“Ó caralho! Ó caralho!”
(Joaquim Pessoa, Poema Temperamental)
Tenho um carro muito temperamental, sofre de uma angústia existencial que lhe provoca um sentimento de abandono, sempre que passo mais de 24 horas sem lhe dar à chave! É verdade! Este sentimento de abandono faz com que soluce de alegria sempre que, depois de mais de 24 horas sem o ver, lhe dou a volta à chave e o levo a passear à rua.
O problema é que, de tão temperamental que é, sempre que lhe volto a pegar ele recusa-se a andar… avança levemente, devagarinho, mesmo com o pé a fundo e as rotações no redline! E soluça… soluça… como uma criança a fazer queixinhas depois de uma birra, estão a ver o filme, certo?
Toda esta situação leva-me a um ritual sem igual! Faça chuva ou faça sol, o meu boguinhas (sim, chamo boguinhas ao meu carro, e?), como eu dizia, o meu boguinhas obriga-me a, pacientemente (’tá bem abelha!), encostar na berma, abrir o capôt, abrir o compartimento da bateria e desligar todo o sistema eléctrico, fazendo uma espécie de lobotomia que lhe faz um reset ao cérebro e o faz ronronar alegremente como se fosse a primeira vez que me vê! Juro que até abana a antena como se fosse um cachorro a abanar a cauda de alegria!
Este ritual de “desliga e sai e liga e desliga” acaba sempre por me dar a tediosa trabalheira de acertar todos os dados electrónicos no painel do rádio: data, hora e emissoras de rádio pré-sintonizadas! Foi neste trabalho, efémero a partir da próxima vez que o deixar na garagem 2 dias, que acabei por descobrir uma pequena pérola radiofónica, a Smooth FM. Há males que vêm por bem e, de facto, é uma agradável surpresa poder conduzir até casa ao som de uma boa música completamente alheada dos yéyéyés e nánánánás das playlists habituais!
Gostos radiofónicos à parte, este temperamento do meu carro leva-me a pensar também nas relações com os clientes.
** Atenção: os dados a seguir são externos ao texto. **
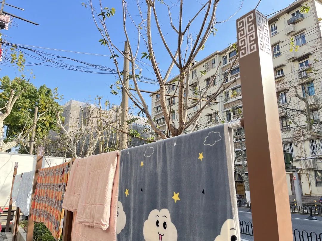 此次美丽街区改造,在沿街面新设了特色灯柱,灯柱间的不锈钢横杆成为实用的晾衣杆,满足居民日常晾晒需求。
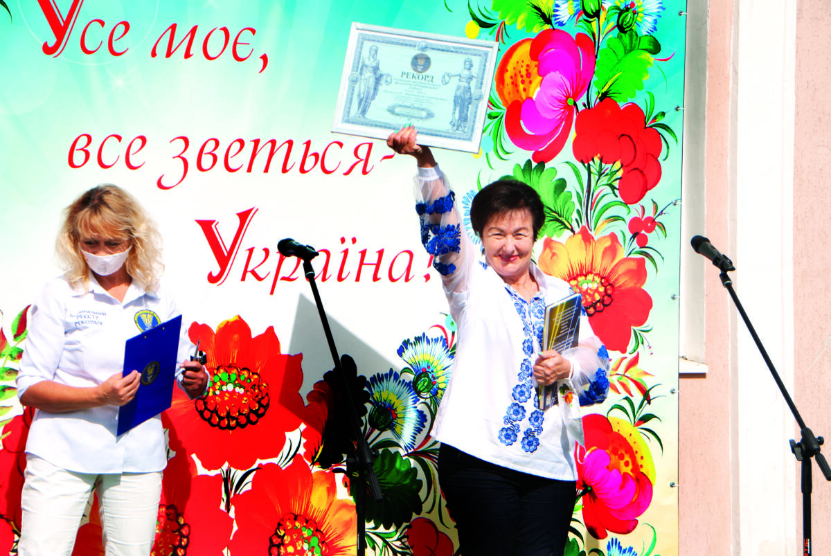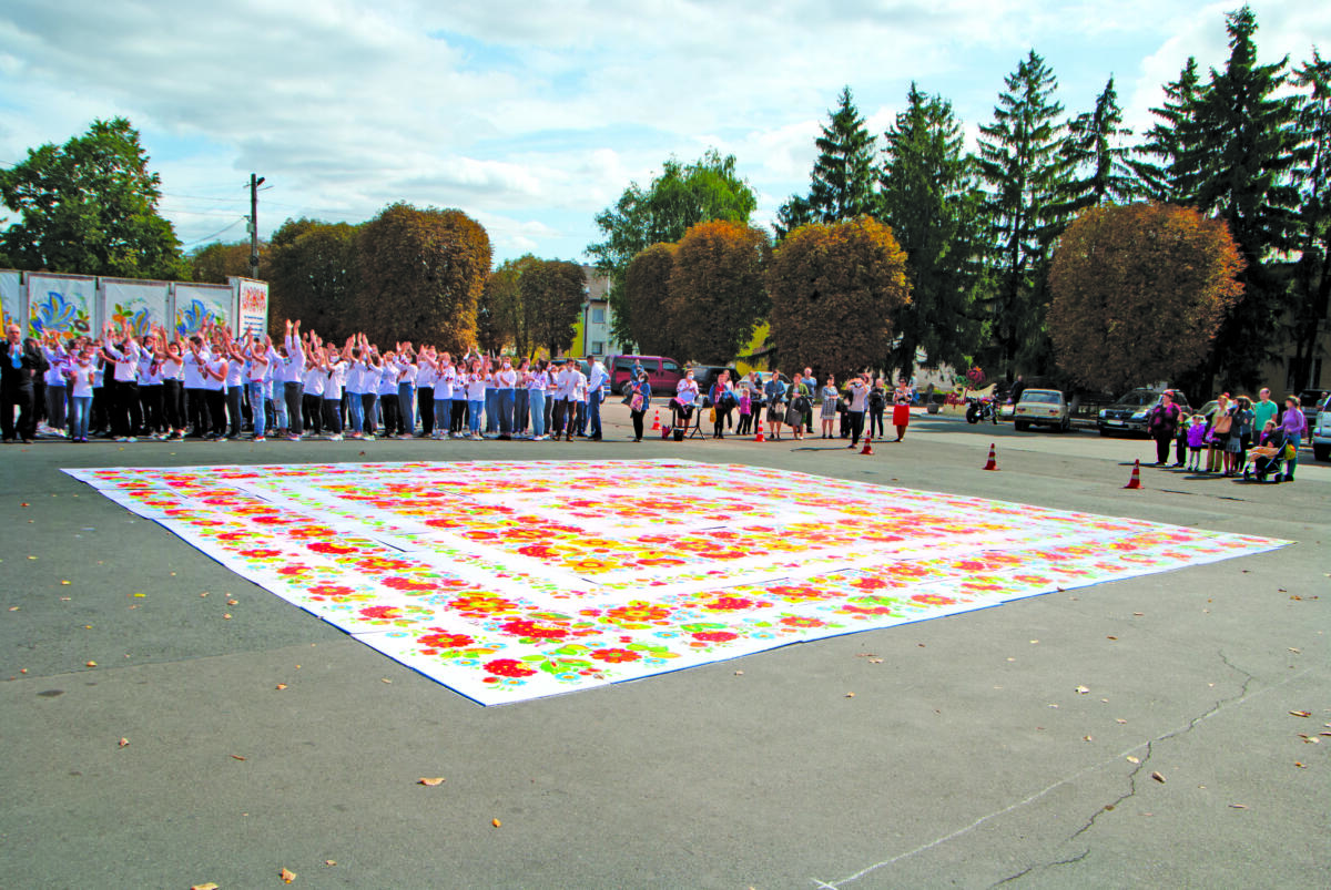 Ви впізнаєте його за фантастичними жар-птицями, небувалих форм жоржинами, «кучерявками» і папороттю на білому тлі. Петриківський розпис внесено до списку нематеріальної культурної спадщини ЮНЕСКО. Тільки уявіть масштаб мальованої фантазії загальною площею 104,13 кв. м! Десять найвідоміших майстрів петриківського розпису створили 210 картинфрагментів мозаїки. Саме їх у суцільне панно склали школярі під час флешмобу. Організатор — Петриківська районна рада Дніпропетровської області, голова — Наталія Коваленко.

Os clientes são, muitas vezes, como o meu carro, se não lhes prestamos atenção suficiente, acabamos por ser obrigados a repetir todo o processo de conversão do visitante em cliente, com o agravante de estarmos, precisamente, a repetir o processo. Sempre se revelou mais difícil, e penoso, reconquistar um cliente. Há expectativas que foram goradas e há desconfianças que foram criadas, e tudo isto tem que ser trabalhado de forma a transmitir confiança. Não podemos abrir o “capôt” ao cliente e desligar-lhe as fichas, como eu faço ao meu carro, mas podemos tentar entrar-lhe na cabeça para compreender o que correu mal, o que faltou fazer, e tentar conquistar uma nova oportunidade para fazer mais e melhor.